Content starts
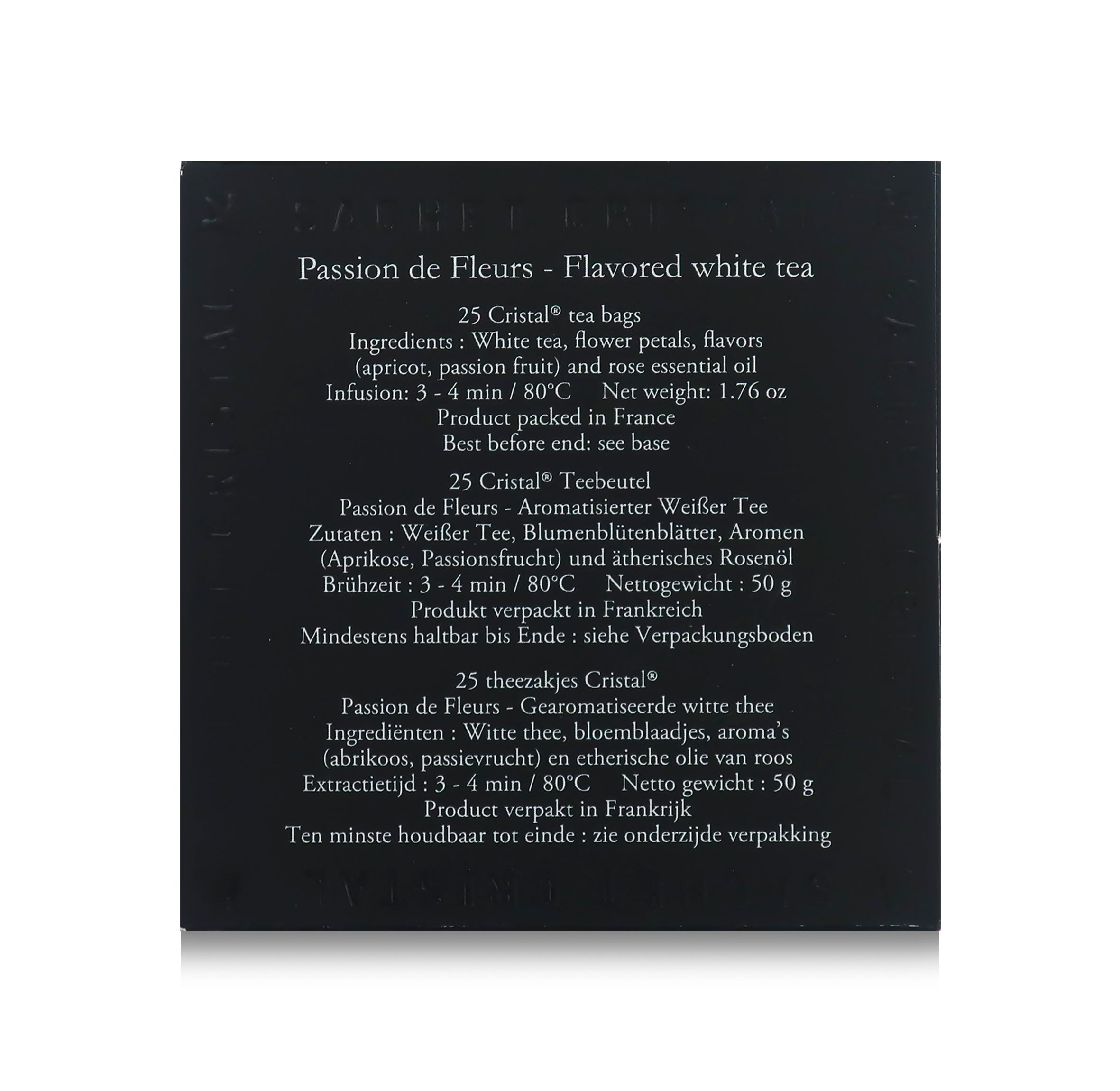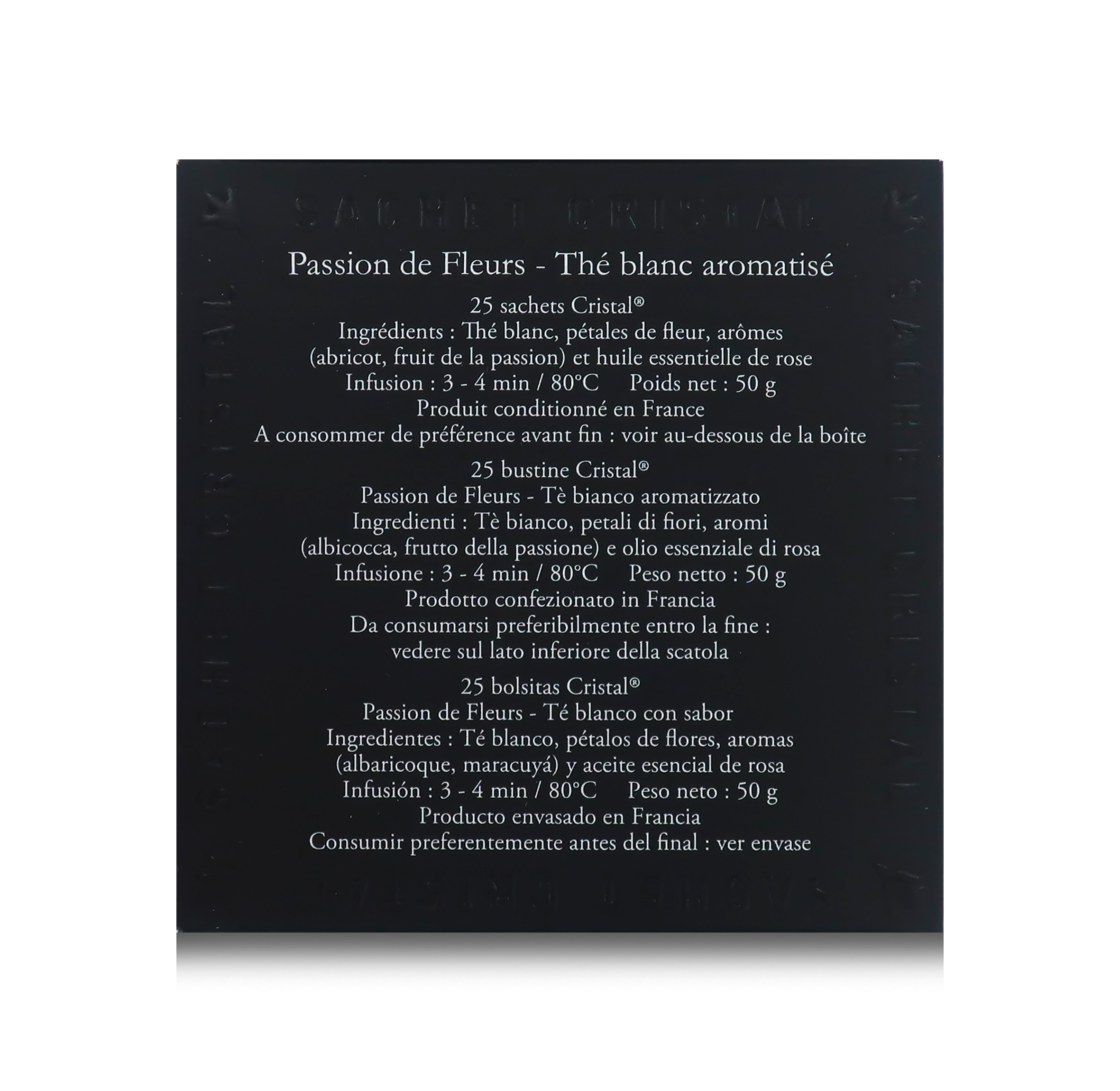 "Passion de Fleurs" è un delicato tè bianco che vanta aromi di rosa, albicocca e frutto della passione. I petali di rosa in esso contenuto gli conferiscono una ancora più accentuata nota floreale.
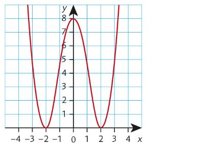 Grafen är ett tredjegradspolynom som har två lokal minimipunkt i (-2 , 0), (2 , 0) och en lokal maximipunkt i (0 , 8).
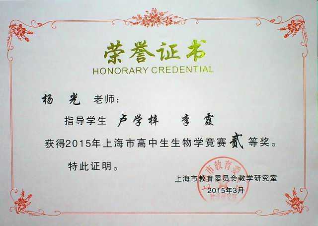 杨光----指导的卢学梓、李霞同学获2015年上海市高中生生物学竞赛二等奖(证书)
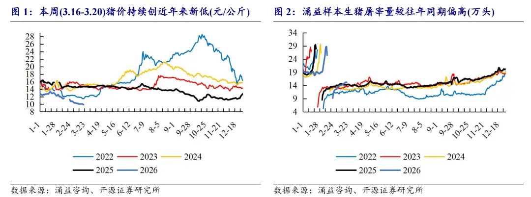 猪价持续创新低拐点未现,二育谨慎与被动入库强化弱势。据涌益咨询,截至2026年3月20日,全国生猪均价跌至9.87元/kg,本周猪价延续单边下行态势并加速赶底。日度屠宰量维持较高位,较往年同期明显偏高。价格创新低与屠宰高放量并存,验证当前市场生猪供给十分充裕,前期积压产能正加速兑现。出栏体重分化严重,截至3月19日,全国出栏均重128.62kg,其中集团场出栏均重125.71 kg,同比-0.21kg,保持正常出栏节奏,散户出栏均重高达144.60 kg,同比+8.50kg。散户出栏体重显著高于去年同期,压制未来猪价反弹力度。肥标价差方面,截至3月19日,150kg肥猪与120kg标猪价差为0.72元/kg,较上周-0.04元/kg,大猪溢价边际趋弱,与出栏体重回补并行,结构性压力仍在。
Content ends
No pictures belong in the copy; quote exactly the lines from the line containing "Grafen är ett" through the final line of the material, both ends included.

* Completed exercise:
 Grafen är ett tredjegradspolynom som har två lokal minimipunkt i (-2 , 0), (2 , 0) och en lokal maximipunkt i (0 , 8).
 杨光----指导的卢学梓、李霞同学获2015年上海市高中生生物学竞赛二等奖(证书)
 猪价持续创新低拐点未现,二育谨慎与被动入库强化弱势。据涌益咨询,截至2026年3月20日,全国生猪均价跌至9.87元/kg,本周猪价延续单边下行态势并加速赶底。日度屠宰量维持较高位,较往年同期明显偏高。价格创新低与屠宰高放量并存,验证当前市场生猪供给十分充裕,前期积压产能正加速兑现。出栏体重分化严重,截至3月19日,全国出栏均重128.62kg,其中集团场出栏均重125.71 kg,同比-0.21kg,保持正常出栏节奏,散户出栏均重高达144.60 kg,同比+8.50kg。散户出栏体重显著高于去年同期,压制未来猪价反弹力度。肥标价差方面,截至3月19日,150kg肥猪与120kg标猪价差为0.72元/kg,较上周-0.04元/kg,大猪溢价边际趋弱,与出栏体重回补并行,结构性压力仍在。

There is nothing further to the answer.